## Required work
Leaving out all pictures, copy the lines below exactly, from the line with "Girl Special Delivery" to the last line, both ends included.

## Source material
#####
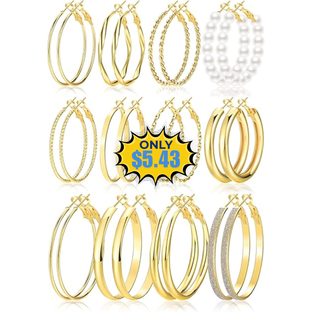Gold Hoop Earrings 12 Pairs Sale: Get 12 Pairs with Promo Code
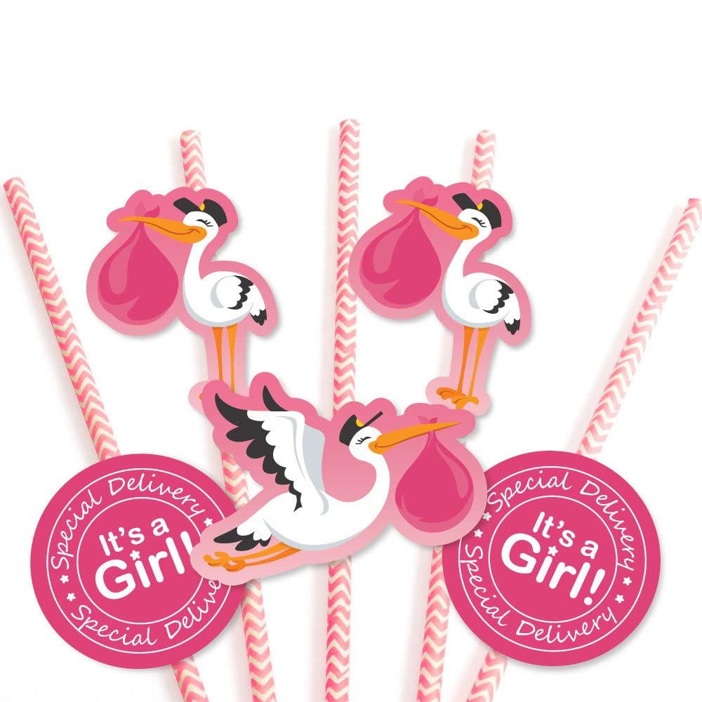 Girl Special Delivery - Paper Straw Decor - Pink It's A Girl Stork Baby Shower Striped Decorative Straws - Set of 24
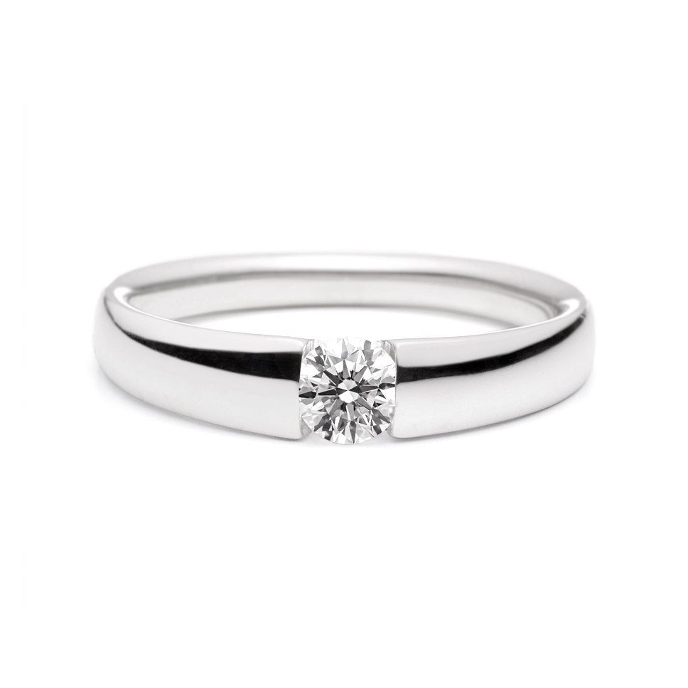 - センターダイヤモンドのセッティングは爪の無い左右からの伏せ込み留めです。爪による引っかかりがなく、厚みを極力抑えたボリュームなので、結婚指輪感覚で着けられます。側面からの内側まで斜面を大きくとり着け心地を良くし、見た目にもすっきりした印象に仕上げています。また、斜面をつけた側面にメレダイヤモンド(0.005ct×1)を留めています。着けた時に自分からしか見えない秘密のお守りをイメージしています。指輪のシルエットは正面から手のひら側に向けて幅が細く絞れていきます。着け心地は細身の指輪と変わらない心地よさです。
#####
## Reply to the exercise
 Girl Special Delivery - Paper Straw Decor - Pink It's A Girl Stork Baby Shower Striped Decorative Straws - Set of 24
 - センターダイヤモンドのセッティングは爪の無い左右からの伏せ込み留めです。爪による引っかかりがなく、厚みを極力抑えたボリュームなので、結婚指輪感覚で着けられます。側面からの内側まで斜面を大きくとり着け心地を良くし、見た目にもすっきりした印象に仕上げています。また、斜面をつけた側面にメレダイヤモンド(0.005ct×1)を留めています。着けた時に自分からしか見えない秘密のお守りをイメージしています。指輪のシルエットは正面から手のひら側に向けて幅が細く絞れていきます。着け心地は細身の指輪と変わらない心地よさです。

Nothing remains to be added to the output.